Welcome to robot university (only robots need apply)
Want your robot to learn a new task? Then send it to RoboNet, a vast video database that could one day teach it anything.
15 minute de lecture
One of the unsung heroes of the AI revolution is a little-known database called ImageNet. Created by researchers at Princeton University, ImageNet contains some 14 million images, each of them annotated by crowdsourced text that explains what the image shows.
ImageNet is important because it is the database that many of today’s powerful neural networks cut their teeth on. Neural networks learn by looking at the images and accompanying text—and the bigger the database, the better they learn. Without ImageNet and other visual data sets like it, even the most powerful neural networks would be unable to recognize anything.

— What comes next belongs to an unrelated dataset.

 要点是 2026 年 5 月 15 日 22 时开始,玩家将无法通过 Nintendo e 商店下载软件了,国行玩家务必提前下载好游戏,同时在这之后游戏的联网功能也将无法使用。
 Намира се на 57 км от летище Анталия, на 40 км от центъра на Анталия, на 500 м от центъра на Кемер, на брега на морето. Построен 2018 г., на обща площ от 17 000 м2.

Now roboticists say they want to try a similar approach with video to teach their charges how to interact with the environment. Sudeep Dasari at the University of California, Berkeley, and colleagues are creating a database called RoboNet, consisting of annotated video data of robots in action. For example, the data might include numerous instances of a robot moving a cup across a table. The idea is that anybody can download this data and use it train a robot’s neural network to move a cup too, even if it has never interacted with a cup before.
Dasari and co hope to build their database into a resource that can pre-train almost any robot to do almost any task—a kind of robot university, which the team calls RoboNet.

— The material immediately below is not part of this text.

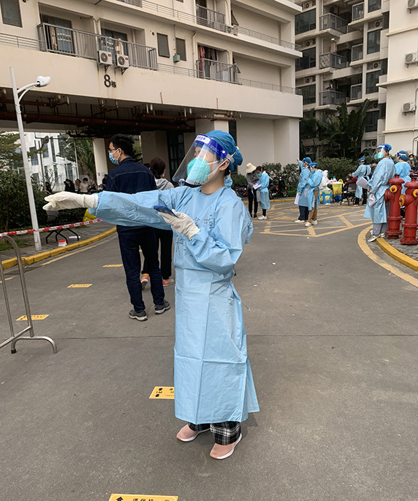 3月7日上午8點,隨著龍海家園北區(qū)響起廣播聲,前海金控公司的志愿者們又開始了新一天的疫情防控志愿工作。自龍海家園被劃為管控區(qū)后,他們便就地轉為志愿者,協(xié)助醫(yī)務人員開展大規(guī)模核酸采樣工作。

Until now, roboticists have had limited success in teaching their charges how to navigate and interact with the environment. Their approach is the standard machine-learning technique that ImageNet helped popularize.
They start by recording the way a robot interacts with, say, a brush to move it across a surface. Then they take many more videos of its motion and use the data to train a neural network on how best to perform the action.
The trick, of course, is to have lots of data—in other words, countless hours of video to learn from. And once a robot has mastered brush-moving, it must go through the same learning procedure to move other almost anything else, be it a spoon or a pair of spectacles. If the environment changes, these learning systems generally have to start all over again.
“The common practice of re-collecting data from scratch for every new environment essentially means re-learning basic knowledge about the world—an unnecessary effort,”say Dasari and co.